Required work.
Set down all of the data that follows word for word, without the images.

Given data.
======

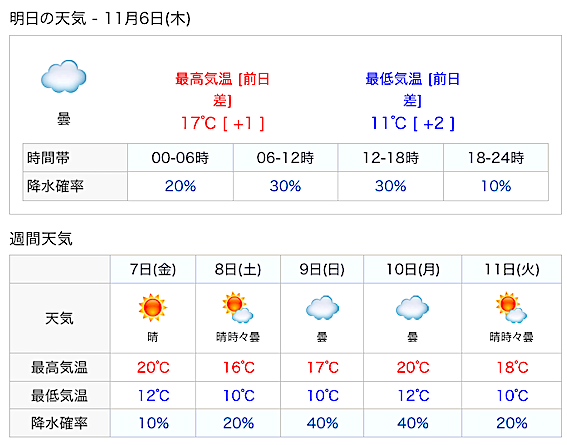 11月に入った途端にびっくりするような気温低下!
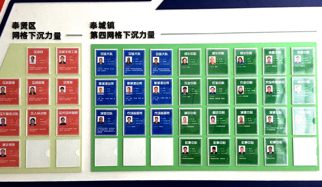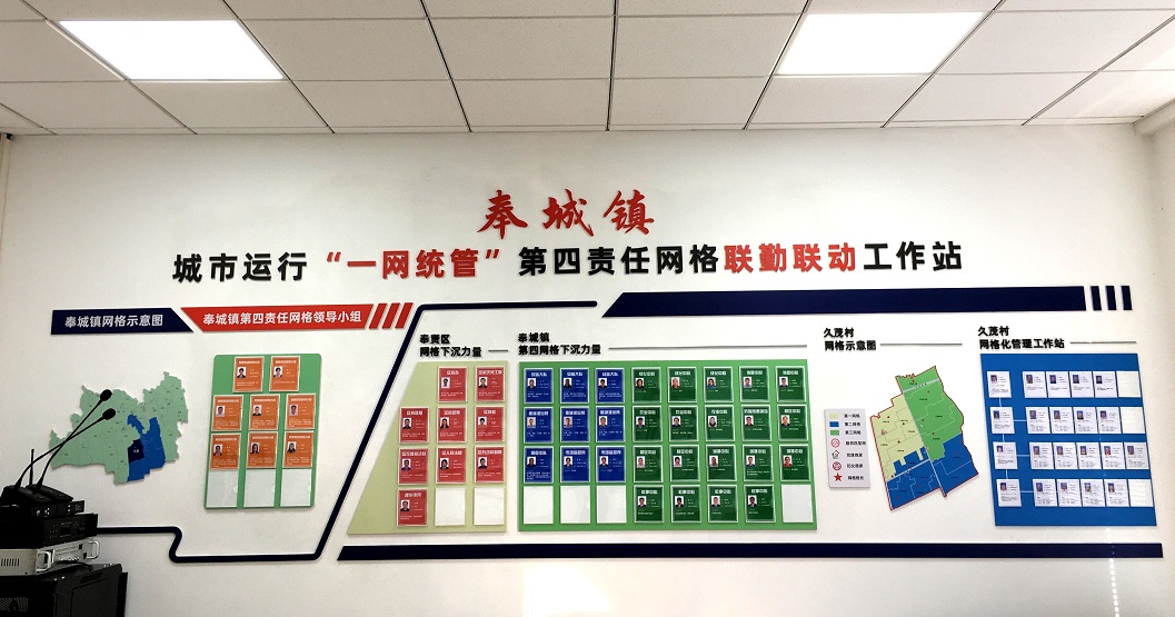 在奉贤区56个责任网格中建立联勤联动指挥工作站作为指挥中枢,充分下沉调动指挥权,将执法、管理、建设等部门的各级处置人员全量配置,集合2000余人处置力量,明确部门与人员工作职责,形成联勤联动工作合力。
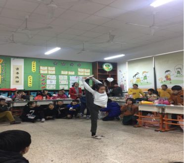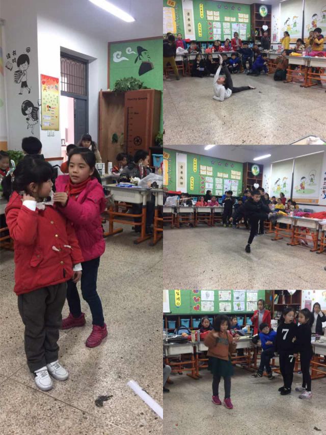 表演的同学也拿出看家本领。同学们有的表演唱歌,有的跳街舞、伦巴,有的打武术,还有的说快板……还有许多小游戏,掌声一片又一片。

======

Answer space.
 11月に入った途端にびっくりするような気温低下!
 在奉贤区56个责任网格中建立联勤联动指挥工作站作为指挥中枢,充分下沉调动指挥权,将执法、管理、建设等部门的各级处置人员全量配置,集合2000余人处置力量,明确部门与人员工作职责,形成联勤联动工作合力。
 表演的同学也拿出看家本领。同学们有的表演唱歌,有的跳街舞、伦巴,有的打武术,还有的说快板……还有许多小游戏,掌声一片又一片。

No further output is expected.